When you reach the line below that has "Embroidered accents and", start returning lines exactly, and stop after the line that has "Forme rotonde, irregolari, vagamente"; skip the pictures.

**Data for processing:**
· · ·
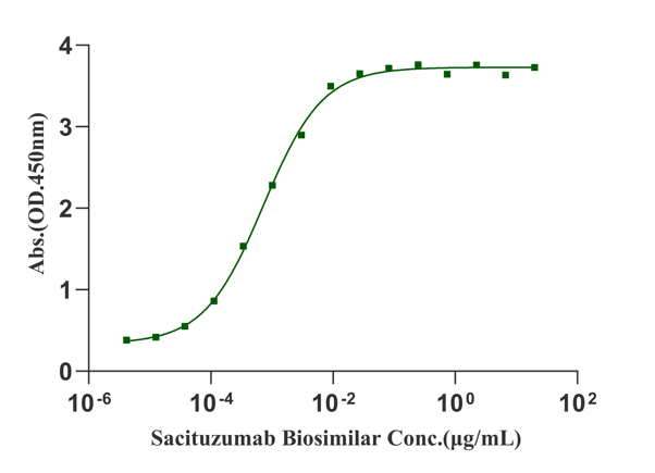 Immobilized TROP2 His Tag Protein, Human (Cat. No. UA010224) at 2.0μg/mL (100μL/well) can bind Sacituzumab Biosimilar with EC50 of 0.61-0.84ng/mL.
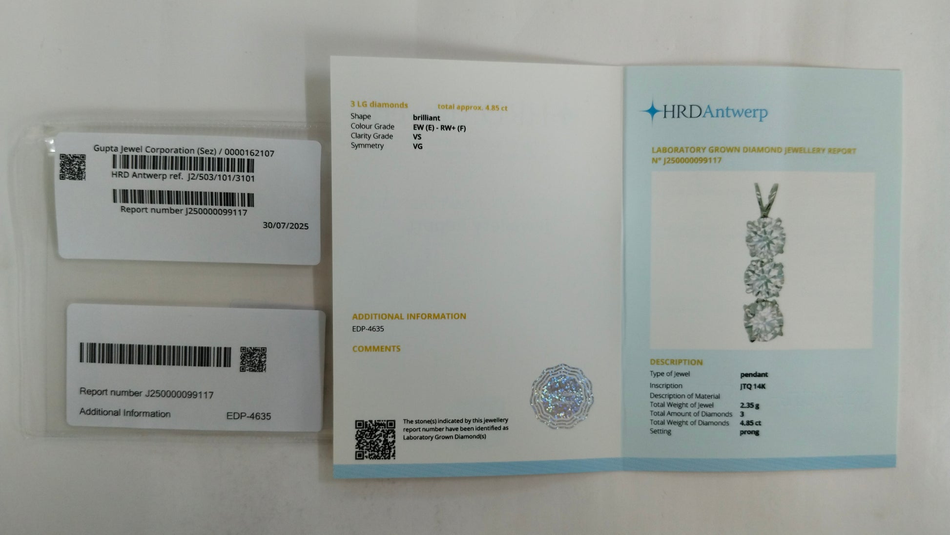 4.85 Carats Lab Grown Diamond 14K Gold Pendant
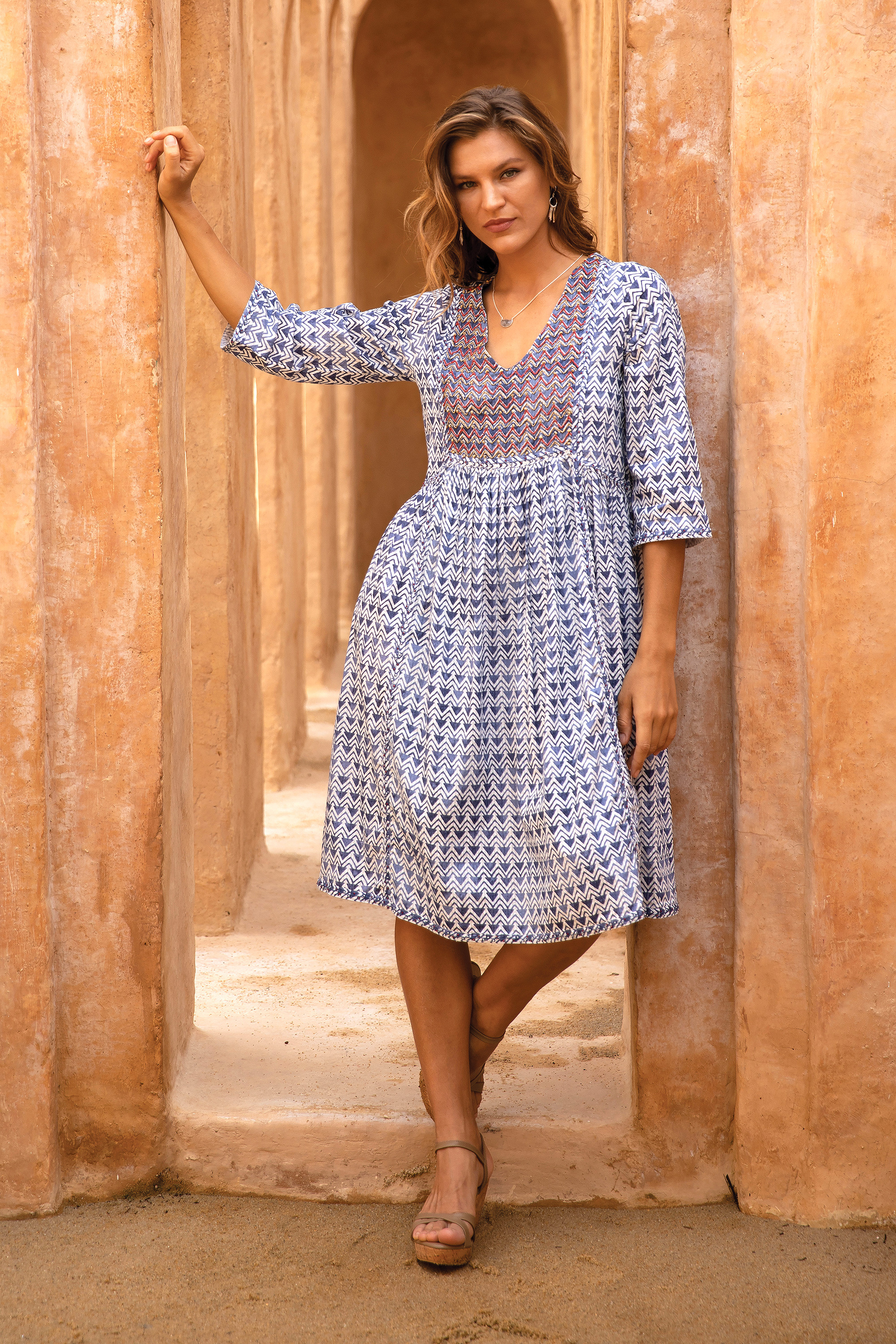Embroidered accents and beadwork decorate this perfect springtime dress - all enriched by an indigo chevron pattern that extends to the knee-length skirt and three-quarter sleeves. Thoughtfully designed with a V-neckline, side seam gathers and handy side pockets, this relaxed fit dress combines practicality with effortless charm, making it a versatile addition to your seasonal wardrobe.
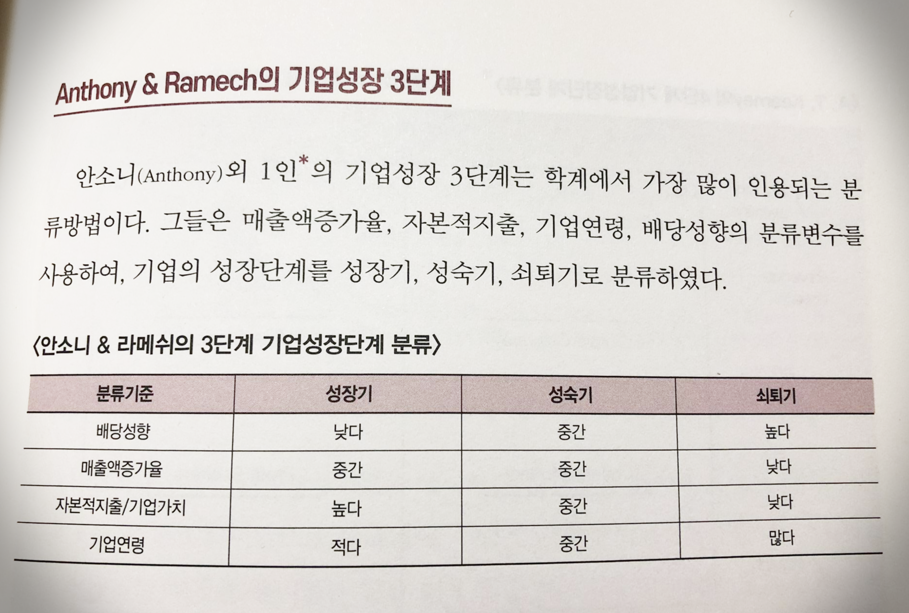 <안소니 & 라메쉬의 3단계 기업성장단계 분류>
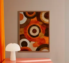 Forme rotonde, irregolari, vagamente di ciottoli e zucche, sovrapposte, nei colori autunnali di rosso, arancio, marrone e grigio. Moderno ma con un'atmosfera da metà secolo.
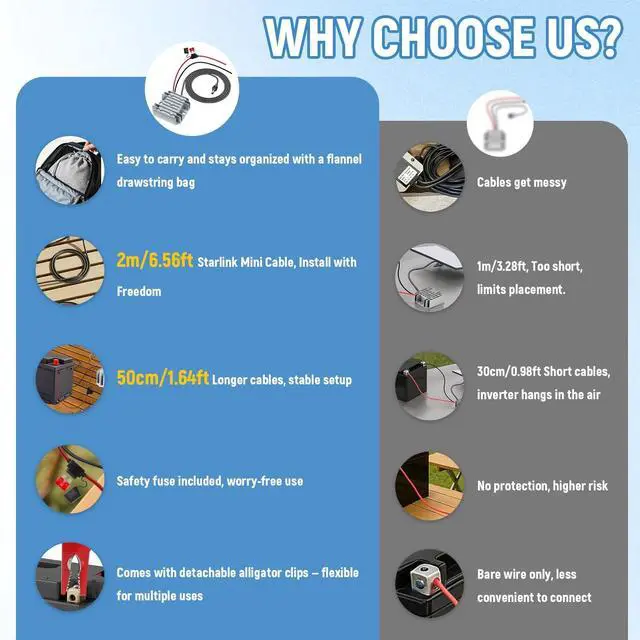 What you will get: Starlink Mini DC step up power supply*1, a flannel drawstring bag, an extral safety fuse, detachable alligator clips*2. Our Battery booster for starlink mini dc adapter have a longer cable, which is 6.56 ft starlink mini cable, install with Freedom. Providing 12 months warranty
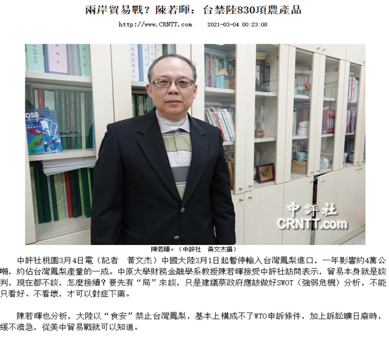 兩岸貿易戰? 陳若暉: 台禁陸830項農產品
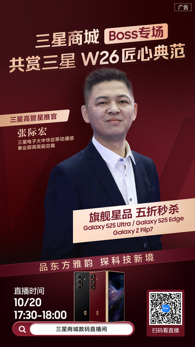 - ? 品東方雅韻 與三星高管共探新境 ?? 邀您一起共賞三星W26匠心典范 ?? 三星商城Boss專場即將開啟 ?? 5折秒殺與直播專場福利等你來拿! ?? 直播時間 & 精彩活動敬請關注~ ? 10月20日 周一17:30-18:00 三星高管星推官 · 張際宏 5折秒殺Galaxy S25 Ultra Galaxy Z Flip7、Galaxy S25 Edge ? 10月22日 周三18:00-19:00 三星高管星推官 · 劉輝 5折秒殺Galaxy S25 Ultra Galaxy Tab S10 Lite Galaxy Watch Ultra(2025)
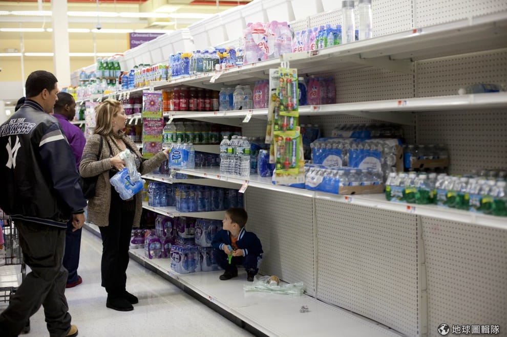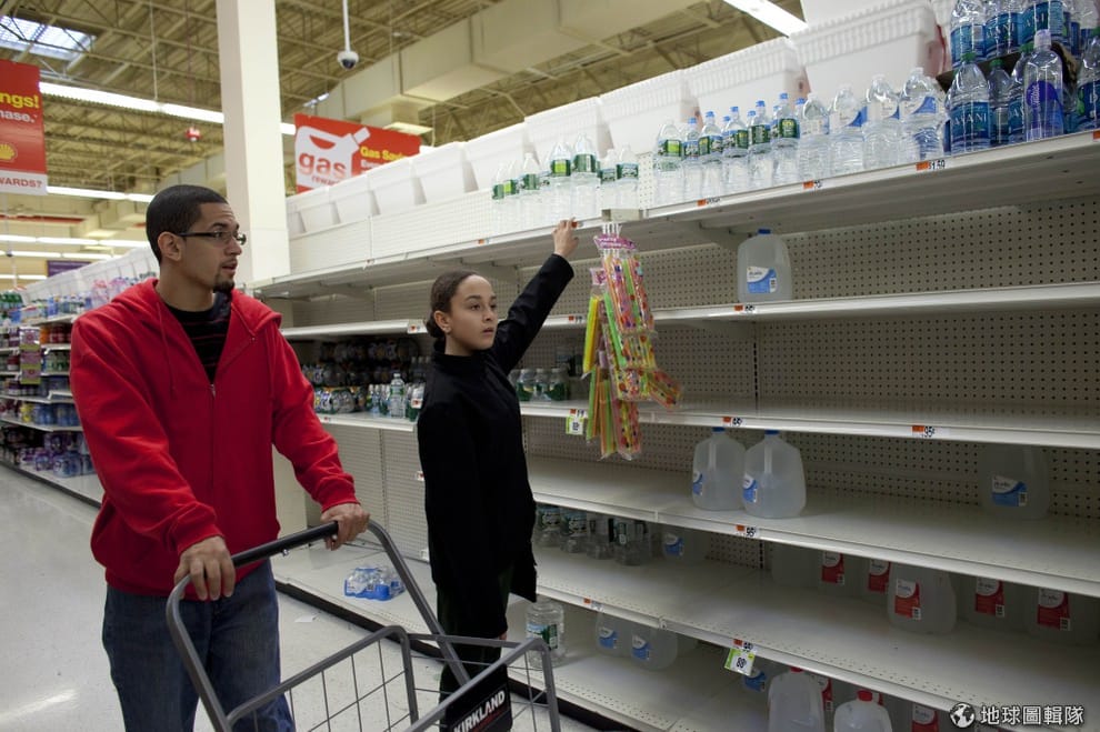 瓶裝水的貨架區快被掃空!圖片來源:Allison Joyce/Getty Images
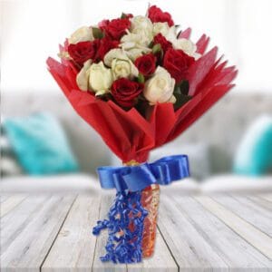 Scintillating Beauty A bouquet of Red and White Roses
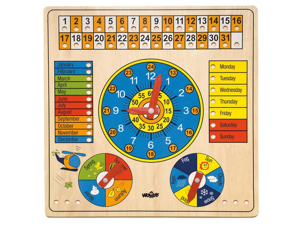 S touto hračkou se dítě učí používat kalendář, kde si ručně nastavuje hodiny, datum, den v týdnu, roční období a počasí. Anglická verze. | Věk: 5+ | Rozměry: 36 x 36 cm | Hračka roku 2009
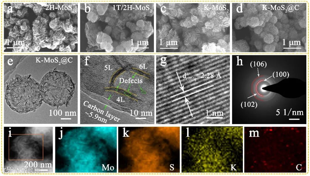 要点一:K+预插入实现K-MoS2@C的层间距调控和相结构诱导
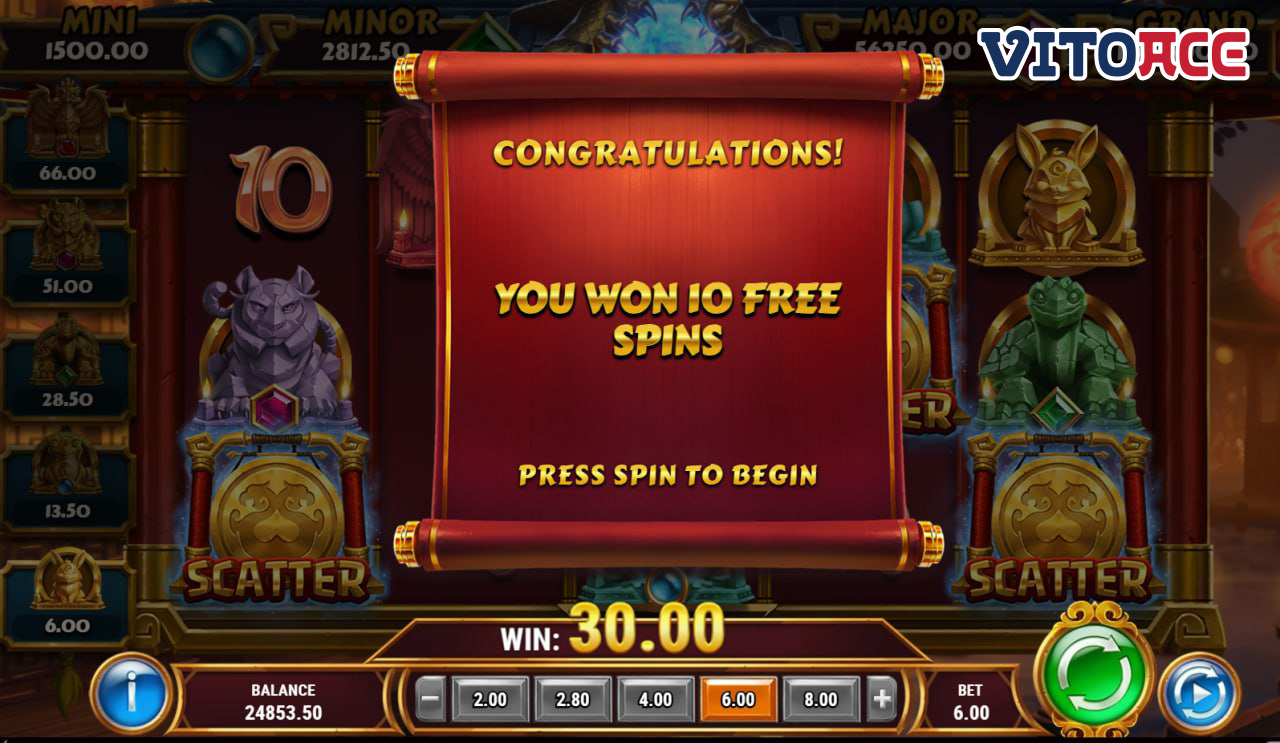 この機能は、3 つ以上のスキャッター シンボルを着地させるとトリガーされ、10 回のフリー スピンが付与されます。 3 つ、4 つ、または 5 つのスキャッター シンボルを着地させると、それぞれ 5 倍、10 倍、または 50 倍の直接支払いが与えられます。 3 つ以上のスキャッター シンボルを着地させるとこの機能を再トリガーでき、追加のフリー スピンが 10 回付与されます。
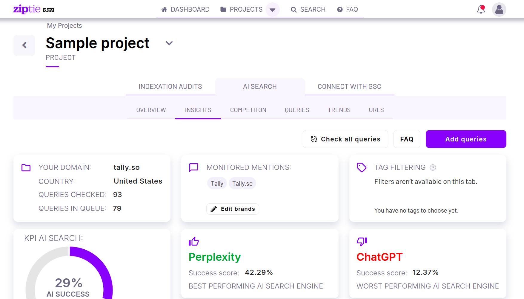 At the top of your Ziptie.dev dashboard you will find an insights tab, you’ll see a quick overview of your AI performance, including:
· · ·
**Response to the task:**
Embroidered accents and beadwork decorate this perfect springtime dress - all enriched by an indigo chevron pattern that extends to the knee-length skirt and three-quarter sleeves. Thoughtfully designed with a V-neckline, side seam gathers and handy side pockets, this relaxed fit dress combines practicality with effortless charm, making it a versatile addition to your seasonal wardrobe.
 <안소니 & 라메쉬의 3단계 기업성장단계 분류>
 Forme rotonde, irregolari, vagamente di ciottoli e zucche, sovrapposte, nei colori autunnali di rosso, arancio, marrone e grigio. Moderno ma con un'atmosfera da metà secolo.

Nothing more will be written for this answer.